• **DATASET EXTRACT**
###

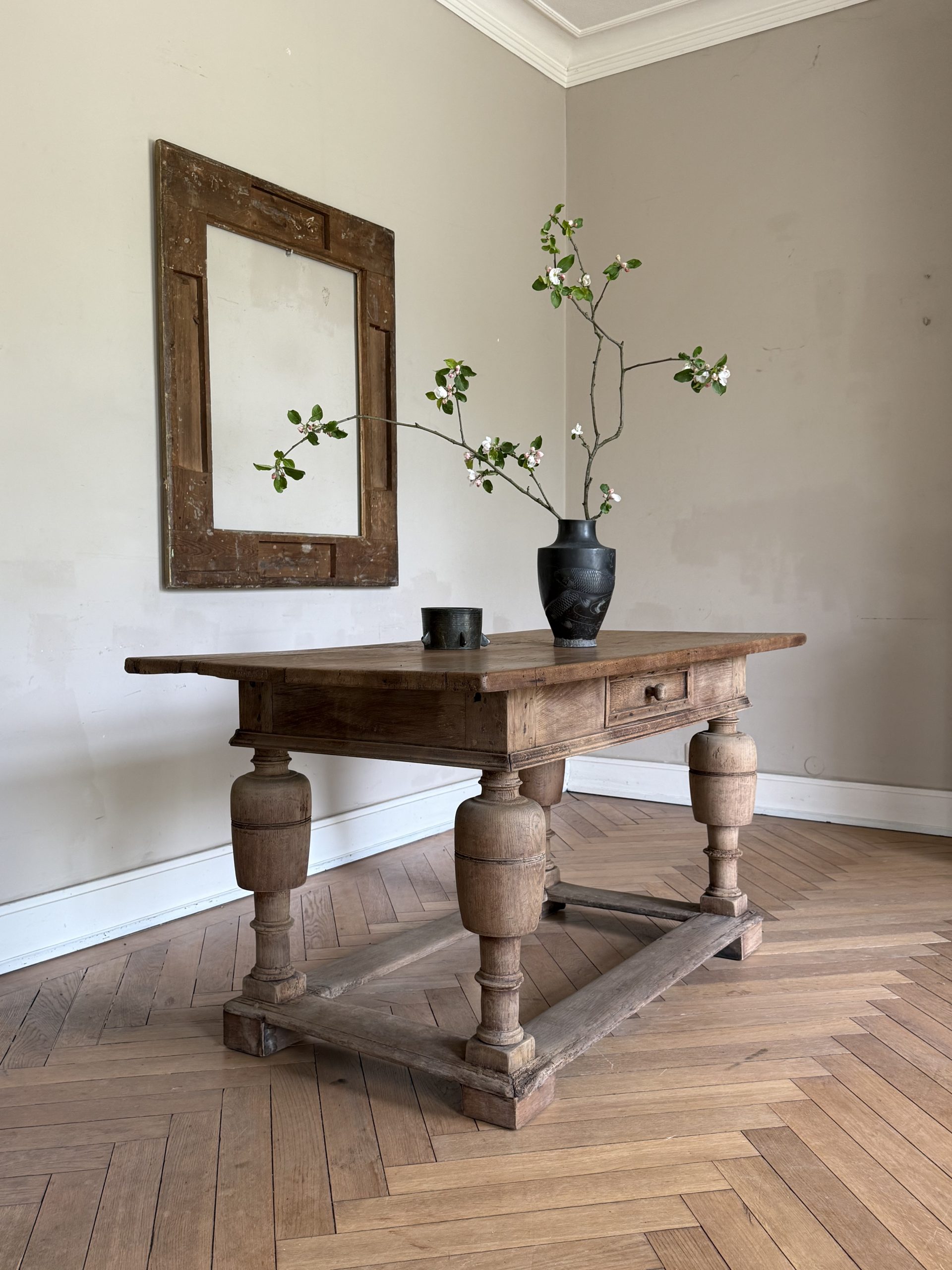 NEW ARRIVALS 18th Century Oak Refectory Table Outstanding light oak baroque table from around 1750 with baluster legs.hight 79 cm (31,10 in)depth 80 cm (31,49 in)width 156 cm (61,41 in)please contact for further info
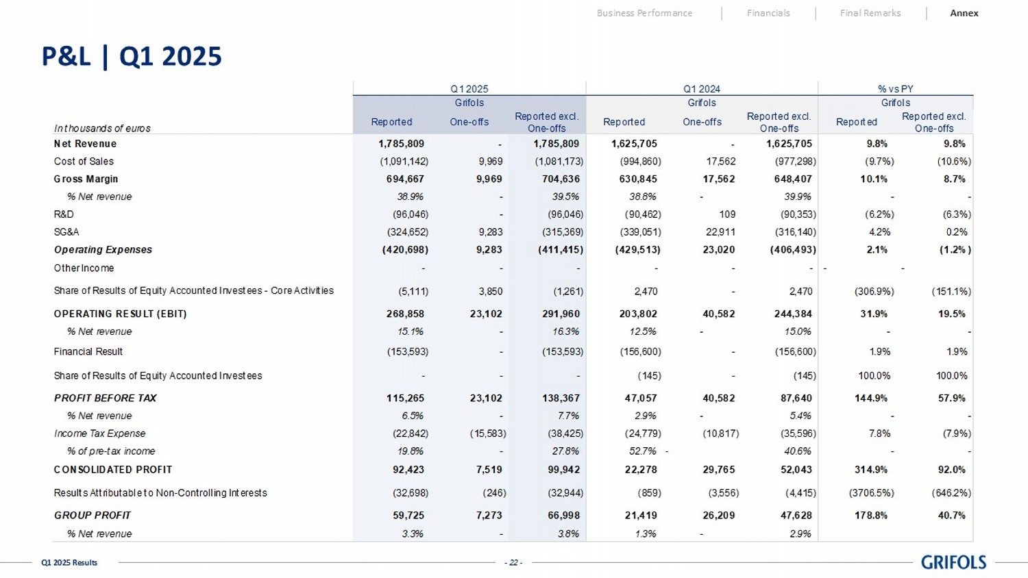 -22-2025年第一季度业绩损益| 2025年第一季度经营业绩财务最终评论附件单位:千欧元已报告一次性报告不含税。One-off Reported One-off Reported excl。One-off Reported Reported excl。一次性净收入1,785,809-1,785,8091,625,705-1,625,7059.8% 9.8%销售成本(1,091,142)9,969(1,081,173)(994,860)17,562(977,298)(9.7%)(10.6%)毛利率694,6679,969704,636630,84517,562648,40710.1% 8.7% %净营收38.9%-39.5% 38.8%-39.9%--研发(96,046)-(96,046)(90,462)109(90,353)(6.2%)(6.3%)SG & A(324,652)9,283(315,369)(339,051)22,911(316,140)4.2% 0.2%营业费用19.5%%净营收15.1%-16.3% 12.5%-15.0%--财务业绩(153,593)-(153,593)(156,600)-(156,600)1.9% 1.9%---(145)-(145)100.0% 100.0%税前利润115,26523,102138,36747,05740,58287,640144.9% 57.9% %%净营收6.5%-7.7% 2.9%-5.4%--所得税费用(22,842)(15,583)(38,425)(24,779)(10,817)(35,596)税前收入的7.8%(7.9%)% 19.8%-27.8% 52.7%-40.6%--综合利润92,4237,5 1999,942利润59,7257,27366,99821,41926,20947,628178.8% 40.7%%净营收3.3%-3.8% 1.3%-2.9% Q1 2025% vs PY占权益被投资方的业绩份额占权益被投资方的业绩份额-核心活动Grifols GrifolsGrifols Q1 2024
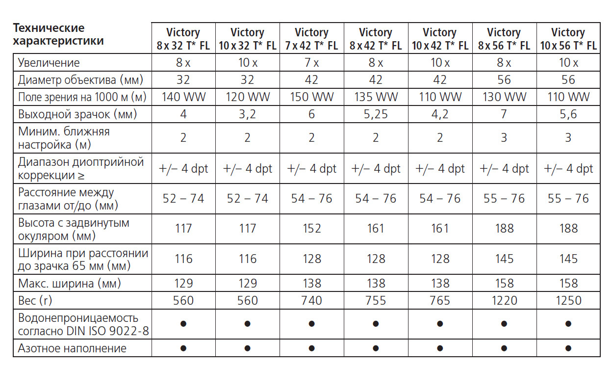 Получается, этот бинокль не апохромат, как можно было бы предположить из названия.. Zeiss называет этот тип объектива FL, тогда как у Victory SF - Ultra-FL. Именно эти бинокли являются апохроматами, как и верхние линейки биноклей у Swarovski. Когда-то давно я считал, что это из-за типа объектива-дублета на флюорите, но, во-первых, как мы уже посмотрели выше, у Victory FL применён тип объектива триплет, а во-вторых, используется ED-стекло, а не флюорит. Объектив-дублет с более эффективным и, скорее всего, дорогим ED-стеклом используется в следующей линейке Victory SF.

###

• **ASSIGNMENT**
The answer is to be the lines of the listing from the first through the one with "GrifolsGrifols Q1 2024", reproduced exactly, without any pictures.

• **ANSWER SECTION**
 NEW ARRIVALS 18th Century Oak Refectory Table Outstanding light oak baroque table from around 1750 with baluster legs.hight 79 cm (31,10 in)depth 80 cm (31,49 in)width 156 cm (61,41 in)please contact for further info
 -22-2025年第一季度业绩损益| 2025年第一季度经营业绩财务最终评论附件单位:千欧元已报告一次性报告不含税。One-off Reported One-off Reported excl。One-off Reported Reported excl。一次性净收入1,785,809-1,785,8091,625,705-1,625,7059.8% 9.8%销售成本(1,091,142)9,969(1,081,173)(994,860)17,562(977,298)(9.7%)(10.6%)毛利率694,6679,969704,636630,84517,562648,40710.1% 8.7% %净营收38.9%-39.5% 38.8%-39.9%--研发(96,046)-(96,046)(90,462)109(90,353)(6.2%)(6.3%)SG & A(324,652)9,283(315,369)(339,051)22,911(316,140)4.2% 0.2%营业费用19.5%%净营收15.1%-16.3% 12.5%-15.0%--财务业绩(153,593)-(153,593)(156,600)-(156,600)1.9% 1.9%---(145)-(145)100.0% 100.0%税前利润115,26523,102138,36747,05740,58287,640144.9% 57.9% %%净营收6.5%-7.7% 2.9%-5.4%--所得税费用(22,842)(15,583)(38,425)(24,779)(10,817)(35,596)税前收入的7.8%(7.9%)% 19.8%-27.8% 52.7%-40.6%--综合利润92,4237,5 1999,942利润59,7257,27366,99821,41926,20947,628178.8% 40.7%%净营收3.3%-3.8% 1.3%-2.9% Q1 2025% vs PY占权益被投资方的业绩份额占权益被投资方的业绩份额-核心活动Grifols GrifolsGrifols Q1 2024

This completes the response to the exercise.